By: Sharon Aron Baron
The City of Tamarac wants a new Charter High School.
Did you read about it on the agenda? I didn’t either. City Manager Michael Cernech slipped it into the January 21 workshop agenda as item seven, which wasn’t on the agenda and had not been amended to include this item.
It seems he was quite prepared to bring the item forward for discussion as well, which means there was probably enough time for it to be added. Perhaps then, the public could have been aware of it.
The commission wants Tamarac to have its own high school because it believes the city needs one.
No facts. No numbers. They just want it.
Since neither the Mayor nor any of the Commissioners have children in school, you would think that they would take the time to learn a little more about the schools we have and their current enrollment numbers. They didn’t even have the foresight to appoint an Education Advisory Committee (EAC) like Coral Springs and Parkland have.
An Education Advisory Committee provides oversight and guidance on the educational needs of the residents and can better advise the commission before they proceed with items. Instead of appointing an EAC, the commission passed a resolution to issue a request for proposal, or RFP, to find a Charter School company to build their Charter High School. All this without even giving the heads-up to the public by putting it on the agenda at the city commission meeting
Here, we have two city meetings where the commission discusses building a high school for our city; however, the public is never informed about it because it’s never listed on the agenda, and it’s not categorized on web-streaming either. However, you can see them discussing it as an “off agenda” at the end of the workshop and the end of the meeting. January 21 Workshop
Isn’t this the most backward way of running our city, coming from the “city that commits to transparency?”
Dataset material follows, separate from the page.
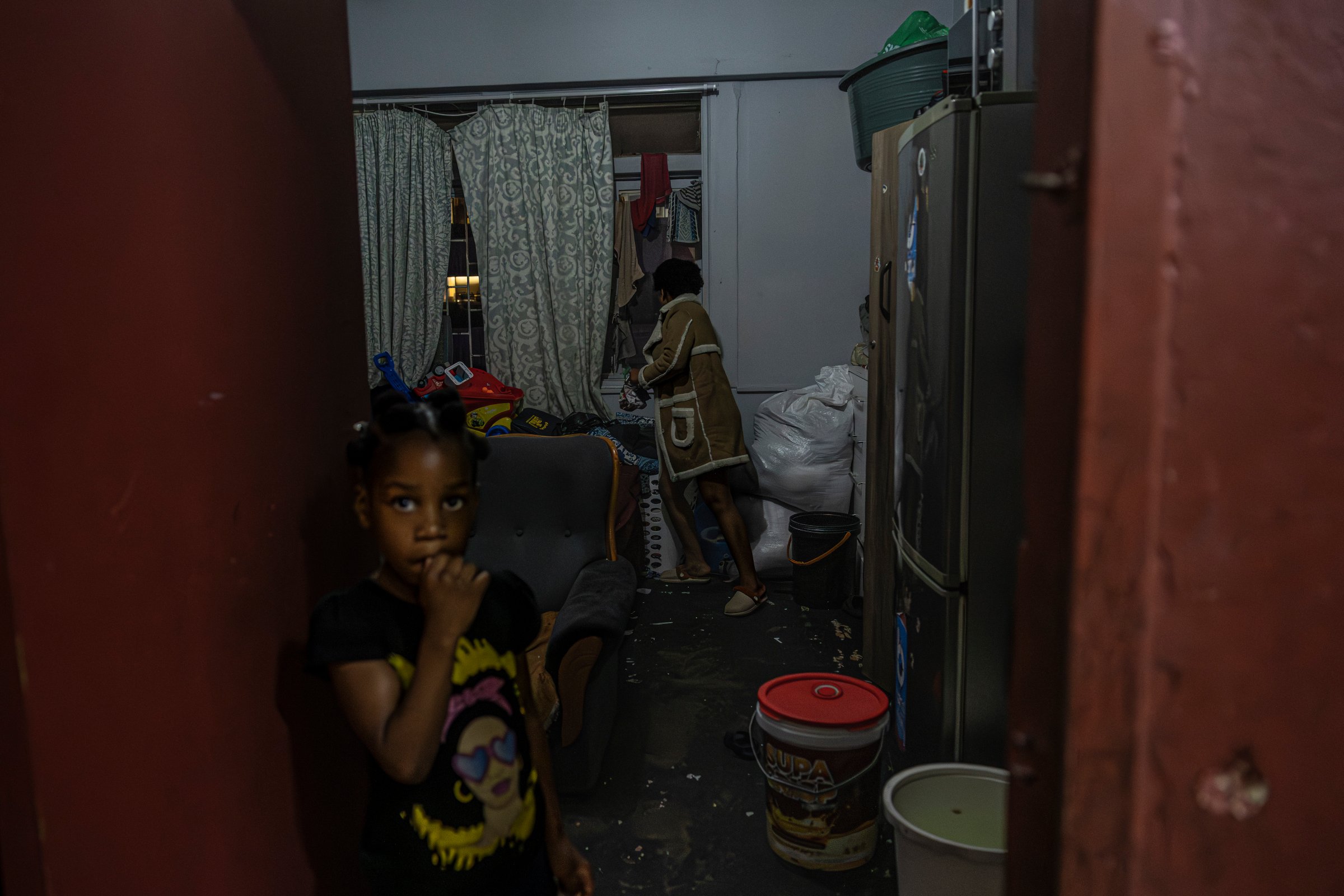 Selon les données municipales, environ 250 personnes vivent actuellement dans l’immeuble Zambesi, situé dans le Central Business District (CBD), et près de la moitié ne paieraient aucun loyer. Les photographies prises à l’intérieur montrent des appartements surpeuplés, des familles partageant une seule pièce, des matelas posés à même le sol et des installations électriques improvisées, souvent dangereuses. Comme beaucoup d’immeubles occupés du centre-ville, le Zambesi ne dispose pas d’un accès régulier à l’eau potable, à une alimentation électrique stable, ni à des installations sanitaires fonctionnelles, ce qui expose ses habitantes à des risques permanents d’incendie, d’effondrement et de maladies.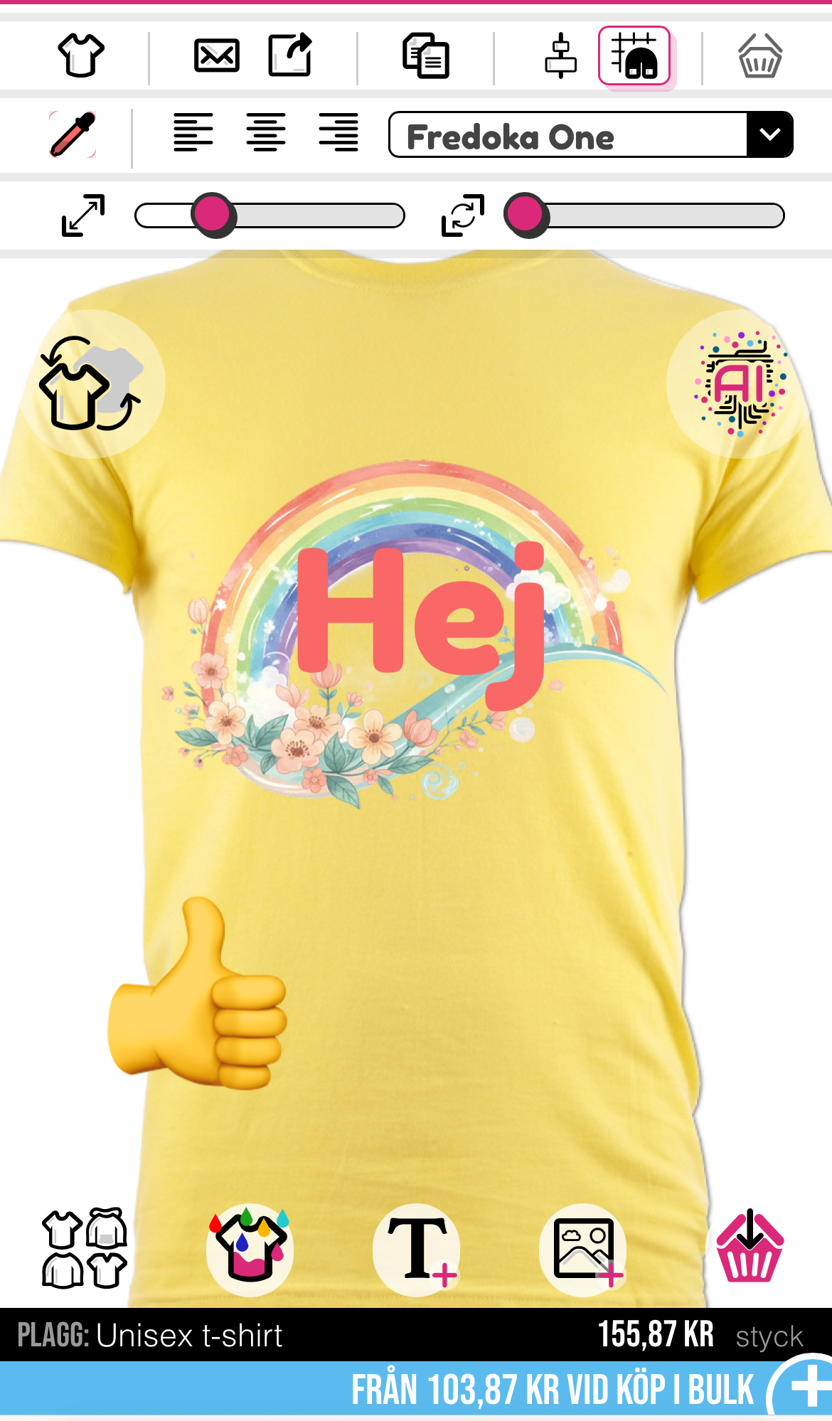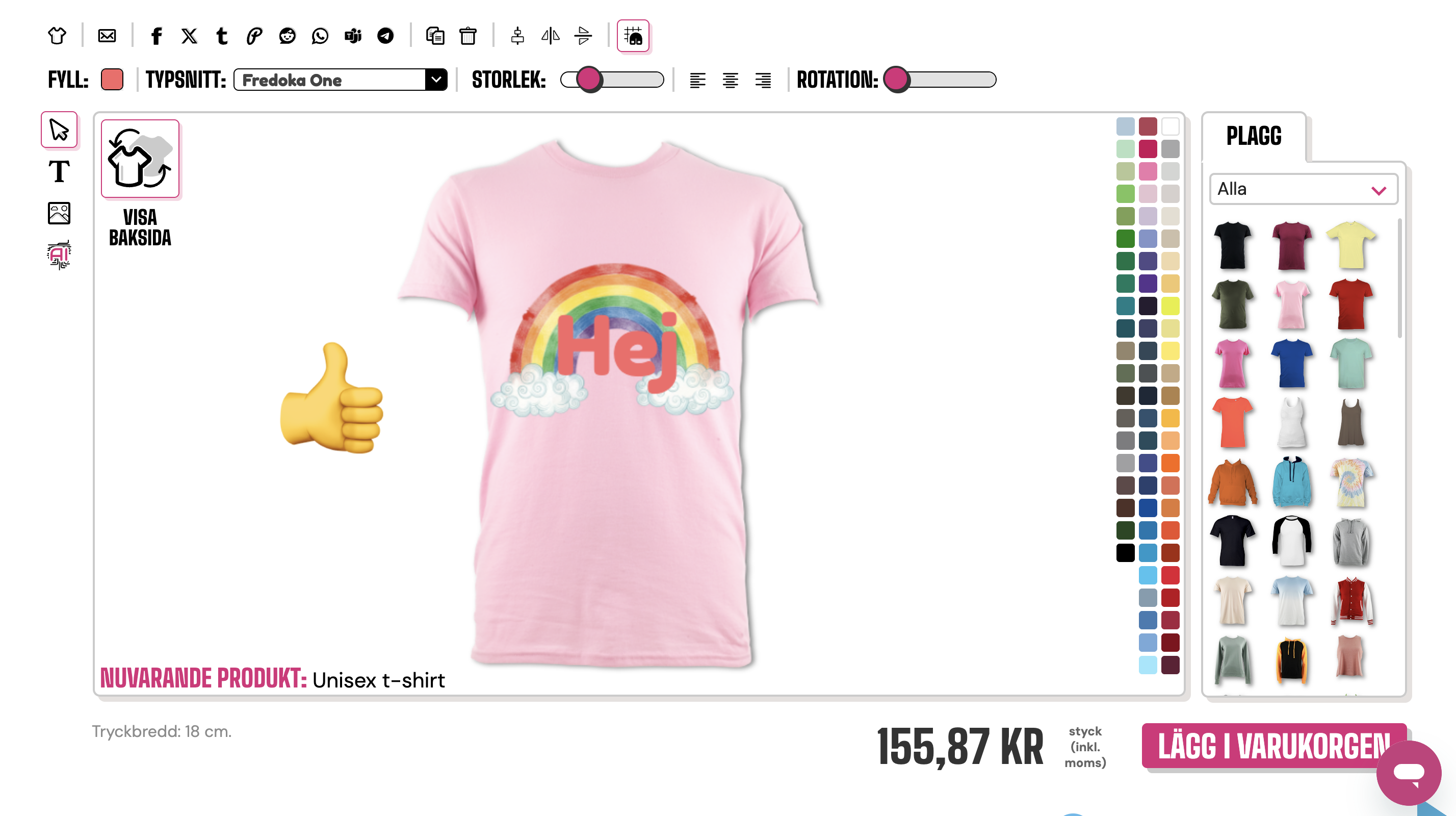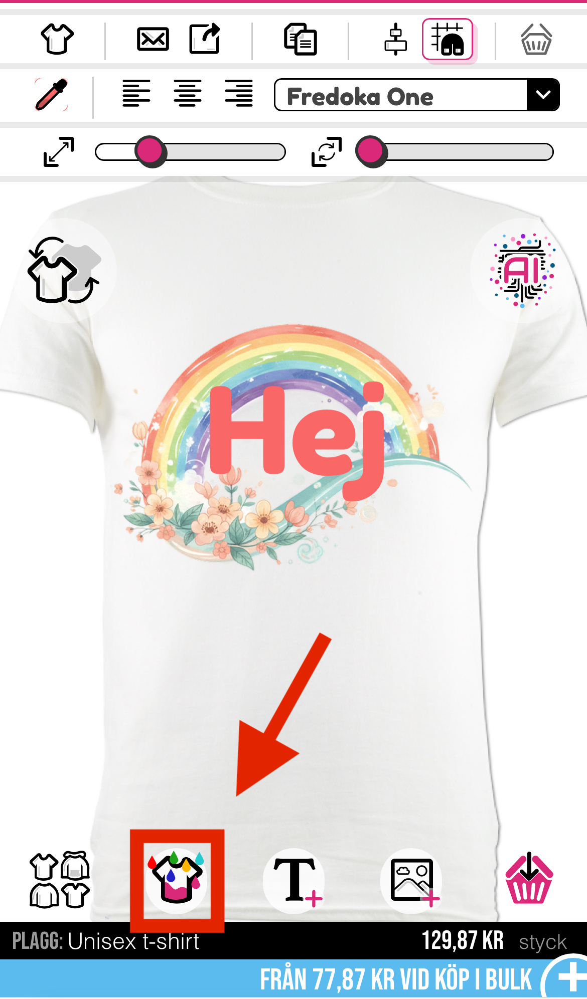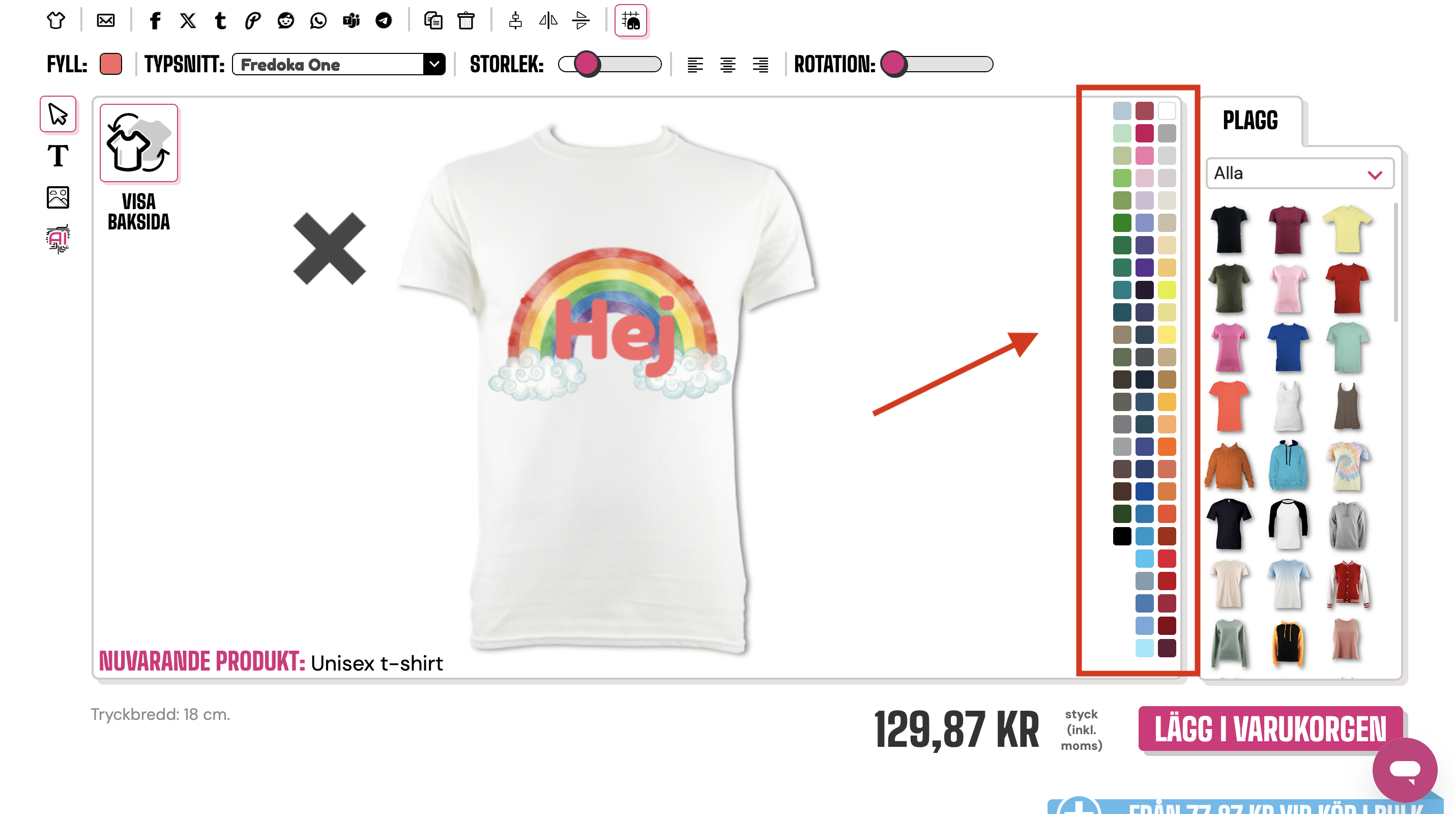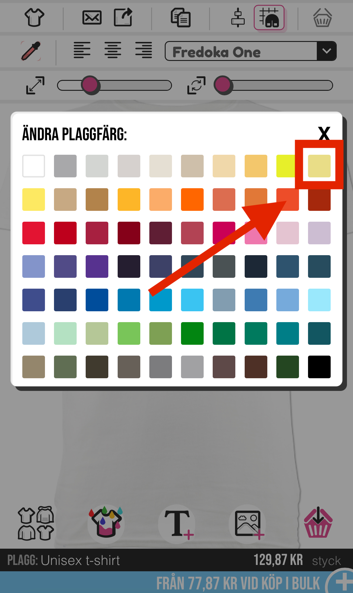 För att ändra färg på ditt plagg behöver du välja t-shirtfärgsväljaren längst ner i designern.

Here’s how it will work: the city wants to provide land for a Charter School to lease at the Tamarac Sports Complex at 9901 NW 77th Street. However, if they had done their homework or at least appointed an EAC, they would have known that many of our residents on the western side of Tamarac already attend J.P. Taravella, and the land they are proposing is only two miles from this A-rated, yet under-enrolled, school. Do they want a high school just because J.P. Taravella is located in Coral Springs and not Tamarac?
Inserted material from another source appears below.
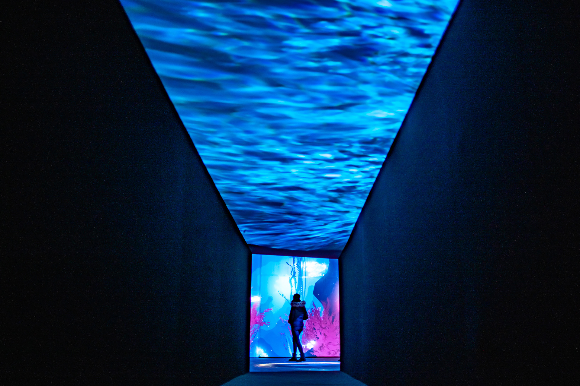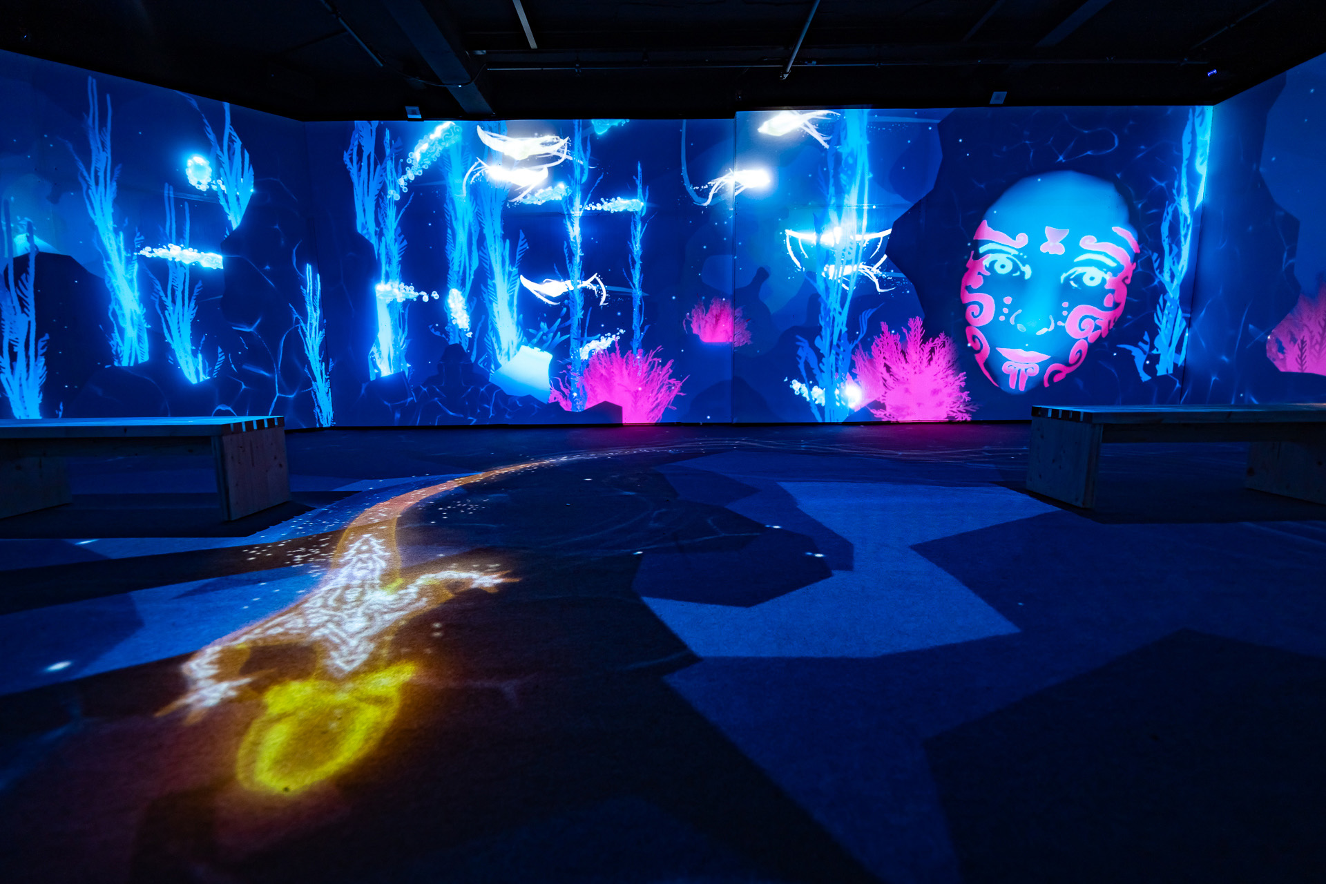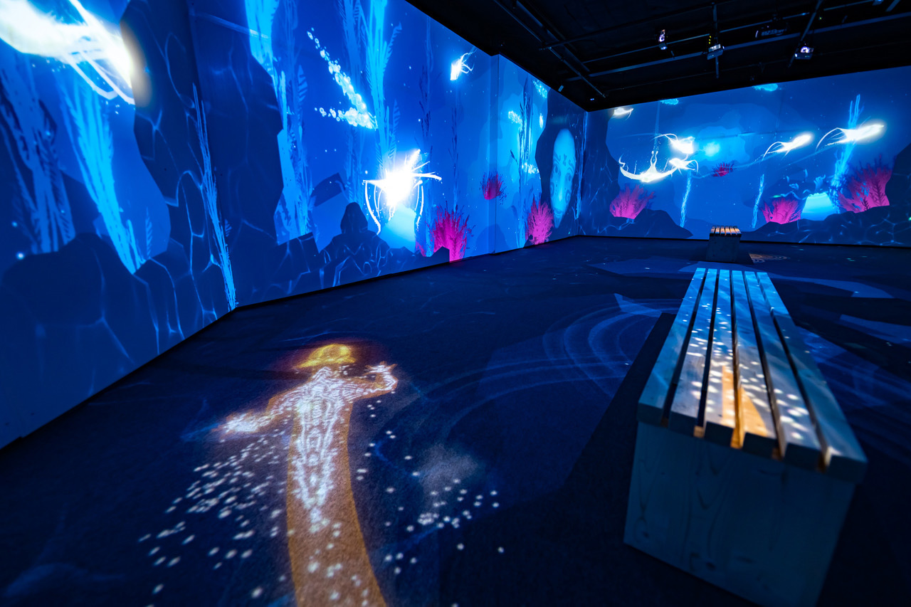 The highlight of the Tamina Lumina Winter 2018 exhibition in Bad Ragaz was an interactive room on whose walls and floor a fantastic underwater world was projected. Visitors were able to touch the walls and interact with the virtual world thanks to laser barriers placed on them. With the help of depth cameras, the position of the people in the room was detected and fantasy-like creatures on the floor moved around the spectators.

Having a Charter High School is bad for Coral Springs and Tamarac, bad for public education, and bad for JP Taravella, to siphon off public dollars for the benefit of private corporations,” said retired Taravella teacher and former Broward County School Board Member David Thomas.
If more research had been done, they would have also discovered that Coral Glades High School, another A-rated Broward County Public School, only 4.6 miles away from the proposed site, is also under-enrolled.
Does our city commission realize that many Charter Schools are for-profit schools? Although charter schools are considered public schools, every child who attends a charter school is one more child who takes badly needed funds from our Broward County public schools. Will we put more money into Charter Schools USA Founder Jonathan Hage’s pockets so he can pay $100,000 private school tuition for his four children or finance his vacation homes?
Where will they find all these high school students without depleting funds from our nearby schools?